In an earlier column I took Baby Boomers to task for the way in which the ideals of their youth had morphed into shallow, narcissistic consumerism in their golden years. The column initiated a number of lively comments among boomers who took offense to my characterization of them. Their reaction was strong enough that I found myself mentally composing responses of my own to add to the mix but they all seemed to center around some variation of "...but some of my best friends are boomers!" which didn't seem helpful, so I decided to hold off on adding any more fuel to the fire.

But when a reader sent me a link this past week to an interesting column at Bloomberg.com by renowned Yale Law professor, author and card-carrying boomer Stephen L. Carter I thought it was worth revisiting the topic. His essay "To the Class of 2013: Resist Simplicity" is an open letter of sorts to this year's college graduates in which he criticizes his generation from a different angle: "...your great challenge is to regain the high ground my generation once championed and has long forgotten: the freedom to think for yourselves."

Carter's point is well taken. Our inability to deal with increasingly complex ideas can't be sustained in this day and age. Two dimensional thinking doesnt do justice to the multi-dimensional world we currently live in.
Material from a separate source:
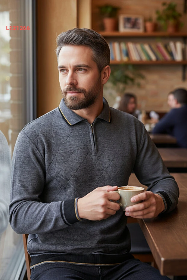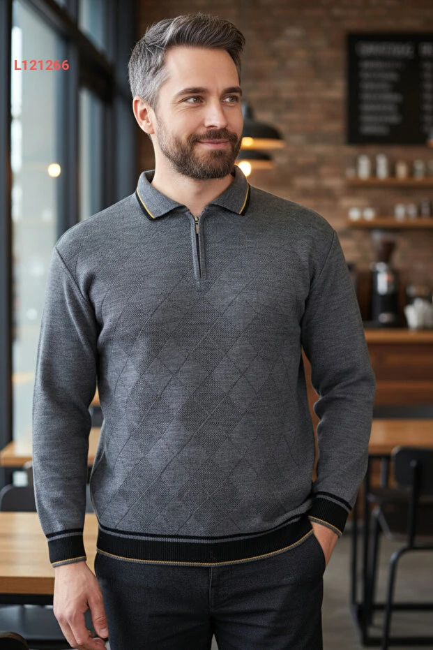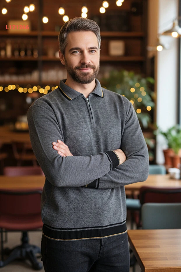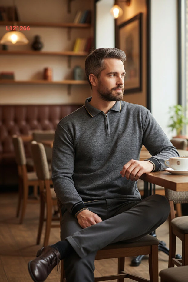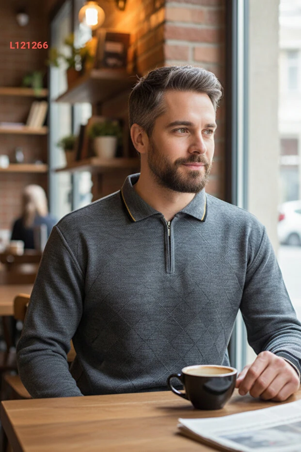 اكتشف أناقة الراحة مع سترة بولو الكلاسيكية للرجال، المصنوعة من قماش رمادي فاخر يمنع التكتل لضمان مظهر دائم وأنيق. تصميمها القياسي يتناسب مع جميع الأجسام، مما يجعلها الخيار المثالي لجميع المناسبات، سواء كانت يومية أو رسمية. احصل على الدفء والأناقة مع لمسة مميزة من الفخامة في كل ارتداء!

"We live in the era of groupthink, when to disagree is to be tagged as either wicked or stupid -- either way, as part of the enemy" says Carter. "We baby boomers marched on campus in the 1960s and ’70s for the right to make up our own minds, but now that we hold positions of power, we seem to view opposition or even criticism as dangerous. And yet, given the complexities of the modern world, there has never been a time when thinking for yourself is more vital."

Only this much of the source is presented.